Before trying your solution in Mininet, it's worth looking at the ONOS log for possible errors. There are mainly 2 types of errors that you might see when reloading the app:
-
Write errors, such as removing a nonexistent entity or inserting one that already exists:
WARN [WriteResponseImpl] Unable to DELETE PRE entry on device...: NOT_FOUND Multicast group does not exist ... WARN [WriteResponseImpl] Unable to INSERT table entry on device...: ALREADY_EXIST Match entry exists, use MODIFY if you wish to change action ...
These are usually transient errors and you should not worry about them. They describe a temporary inconsistency of the ONOS-internal device state, which should be soon recovered by a periodic reconciliation mechanism. The ONOS core periodically polls the device state to make sure its internal representation is accurate, while writing any pending modifications to the device, solving these errors.
Otherwise, if you see them appearing periodically (every 3-4 seconds), it means the reconciliation process is not working and something else is wrong.
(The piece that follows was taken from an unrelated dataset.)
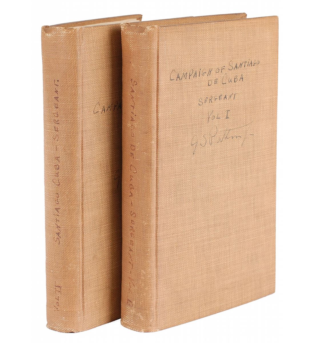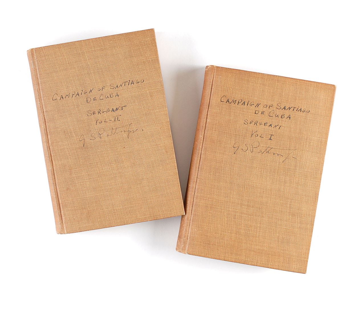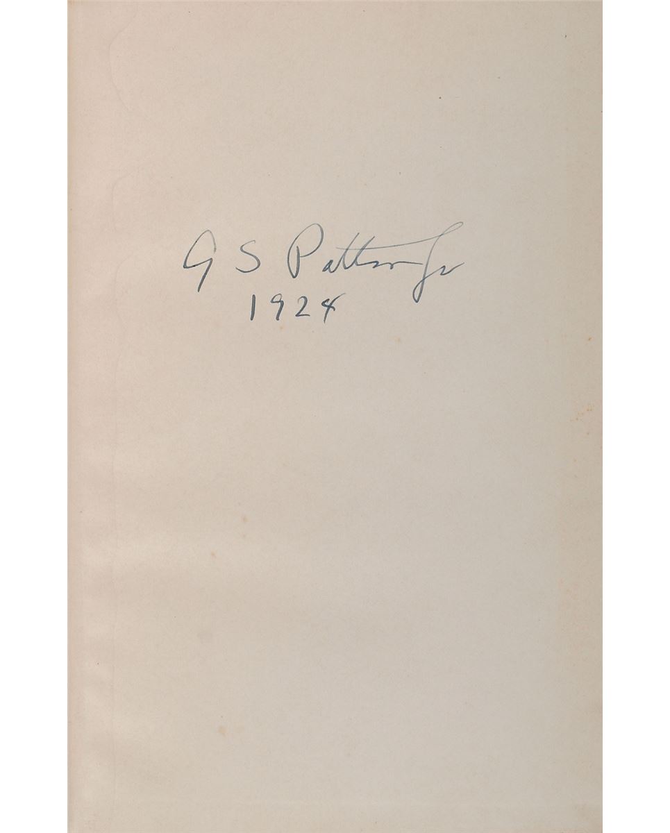 Signed books from Patton’s personal library: The Campaign of Santiago de Cuba, Two Volumes. Later printing. Chicago: A. C. McClurg & Co., 1914. Hardcover, 5.25 x 7.75, 274 and 236 pages. Signed on the front cover of both volumes, “G. S. Patton Jr.,” as well as on the first free end page of Volume II in fountain pen, “G. S. Patton, Jr., 1924.” Patton also writes the title on the spine and cover of each book. Autographic condition: fine, with signatures on the covers a shade or two light. Book conditions: VG-/None in VG+ custom-made quarter leather clamshell boxes. No other military leader wrote so frequently in his letters or diary what he was reading, and no leader’s library was so well documented since Napoleon’s. Patton’s library, which was almost entirely inherited by his son, Major General George Patton III, was given to West Point, with just a small portion of books, including these volumes, inherited by other descendants or friends.

Try re-loading the app (
make app-reload
); if that doesn't resolve the warnings, check with the instructors. -
Translation errors, signifying that ONOS is not able to translate the flow rules (or groups) generated by apps, to a representation that is compatible with your P4Info. For example:
WARN [P4RuntimeFlowRuleProgrammable] Unable to translate flow rule for pipeconf 'org.p4.srv6-tutorial':...
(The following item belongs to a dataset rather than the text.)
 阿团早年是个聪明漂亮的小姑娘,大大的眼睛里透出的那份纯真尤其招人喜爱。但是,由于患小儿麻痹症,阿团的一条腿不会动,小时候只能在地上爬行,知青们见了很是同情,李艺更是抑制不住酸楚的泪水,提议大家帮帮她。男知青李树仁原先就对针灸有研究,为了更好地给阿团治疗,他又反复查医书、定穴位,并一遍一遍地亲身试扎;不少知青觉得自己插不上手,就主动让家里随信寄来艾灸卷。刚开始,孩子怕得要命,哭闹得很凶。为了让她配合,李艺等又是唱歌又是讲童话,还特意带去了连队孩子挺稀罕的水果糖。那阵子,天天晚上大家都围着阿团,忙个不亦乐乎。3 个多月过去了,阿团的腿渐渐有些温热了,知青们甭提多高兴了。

Read carefully the error message and make changes to the app as needed. Chances are that you are using a table, match field, or action name that does not exist in your P4Info. Check your P4Info file, modify, and reload the app (
make app-build app-reload
).
Now that the app has been modified and reloaded and the ONOS log is free of potentially harmful errors, you should be able to repeat the same ping test done at the beginning of the exercise. This time it should work:
mininet> h1a ping h1b
PING 2001:1:1::b(2001:1:1::b) 56 data bytes
64 bytes from 2001:1:1::b: icmp_seq=2 ttl=64 time=0.580 ms
64 bytes from 2001:1:1::b: icmp_seq=3 ttl=64 time=0.483 ms
64 bytes from 2001:1:1::b: icmp_seq=4 ttl=64 time=0.484 ms
...
Check the ONOS log, you should see messages related to the discovery of host
h1b
who is now receiving NDP NS messages from h1a
and replying with NDP NA
ones to them (remember that h1a
was already discovered at the beginning of
the exercise):
INFO [L2BridgingComponent] HOST_ADDED event! host=00:00:00:00:00:1B/None, deviceId=device:leaf1, port=4
INFO [L2BridgingComponent] Adding L2 unicast rule on device:leaf1 for host 00:00:00:00:00:1B/None (port 4)...
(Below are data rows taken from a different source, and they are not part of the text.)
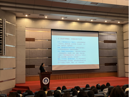 袁利华老师就专业实习的具体要求向大家作了讲解,包括实习手册的撰写、与实习指导老师的沟通以及在实习单位的行为规范等,希望同学们认真遵守实习单位的管理规定,与实习指导老师加强联系,扎实完成实习期间的各项任务,并将实习所学运用于毕业论文写作中。
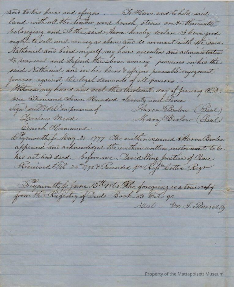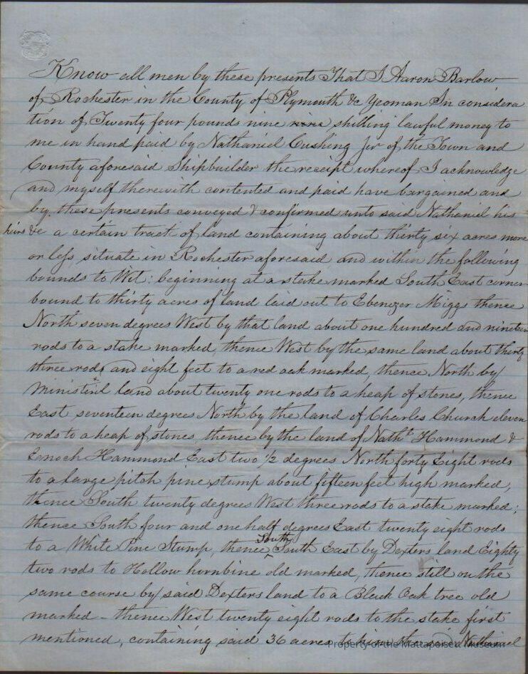 "True copy" from the Registry of Deeds, Book 83, folio 90. Aaron and Mary Barlow to Nathan Cushing (shipbuilder).Collection
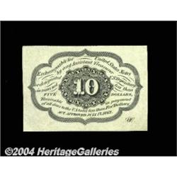 Fr. 1242 10c First Issue Gem New. A rather common number, but hard to find this nice. Bright, fresh, original and very well margined. <BR><BR><B>Important notice:</B> Heritage usually auctions material at the rate of 200-250 lots per hour. On some occasions eBay Live bid software or the Internet may not be able to keep up with the pace of the auction. We recommend placing a realistic absentee bid now as insurance to avoid disappointment. Occasionally the auctioneer may eliminate or reject an eBay Live bid, and the auctioneer may also reopen a lot after the close of the eBay live bidding (usually because we missed an audience bid), and may reject your bid even if it shows you as the winning bidder. By bidding via eBay Live, you agree that Heritage may award the lot to another bidder at its sole discretion under the circumstances described above or any other reasonable circumstances. Since eBay bids are not shown to us until we open the lot on the floor, we treat those bids just like floor bids. In most cases the floor responds before the eBay bid is presented to us, due to Internet lag time, so for consistency we have made it a policy that floor bids are always considered first over tie eBay live bids. Also please note that all Heritage lots purchased through eBay Live carry a 20% Buyer's Premium. Please make sure you read the Terms and Conditions before you bid. <BR><BR><B>IMPORTANT ANNOUNCEMENT ABOUT RESERVES:</B> Heritage now divulges all reserves on its web site 7 days before every auction. If you want to know whether the reserve on this lot has been met, and if not, what the reserve amount is, please visit this lot page on the HeritageCoin.com web site, or email: bid@HeritageGalleries.com

If ping is not working, here are few steps you can take to troubleshoot your network:
-
Check that all flow rules and groups have been written successfully to the device. Using ONOS CLI commands such as
flows -s any device:leaf1
andgroups any device:leaf1
, verify that all flows and groups are in stateADDED
. If you see other states such asPENDING_ADD
, check the ONOS log for possible errors with writing those entries to the device. You can also use the ONOS web UI to check flows and group state. -
Use table counters to verify that tables are being hit as expected. If you don't already have direct counters defined for your L2 table(s), modify the P4 program to add some, build and reload the app (
make app-build app-reload
). ONOS should automatically detect that and poll counters every 3-4 seconds (the same period for the reconciliation process). To check their values, you can either use the ONOS CLI (flows -s any device:leaf1
) or the web UI. -
Double check the PTF tests and make sure you are creating similar flow rules in the
L2BridgingComponent.java
. Do you notice any difference? -
Look at the BMv2 logs for possible errors. Check files in
/tmp/bmv2-<SW-NAME>-log
or use thebm-log <SW-NAME>
bash command. -
If here and still not working, reach out to one of the instructors for assistance.
Open a browser from within the tutorial VM (e.g. Firefox) to
http://127.0.0.1:8181/onos/ui. When asked, use the username onos
and
password rocks
.
To toggle showing hosts on the topology view, press H
on your keyboard.
You have completed exercise 2! Now your fabric is capable of forwarding packets between hosts in the same subnet and connected to the same leaf switch.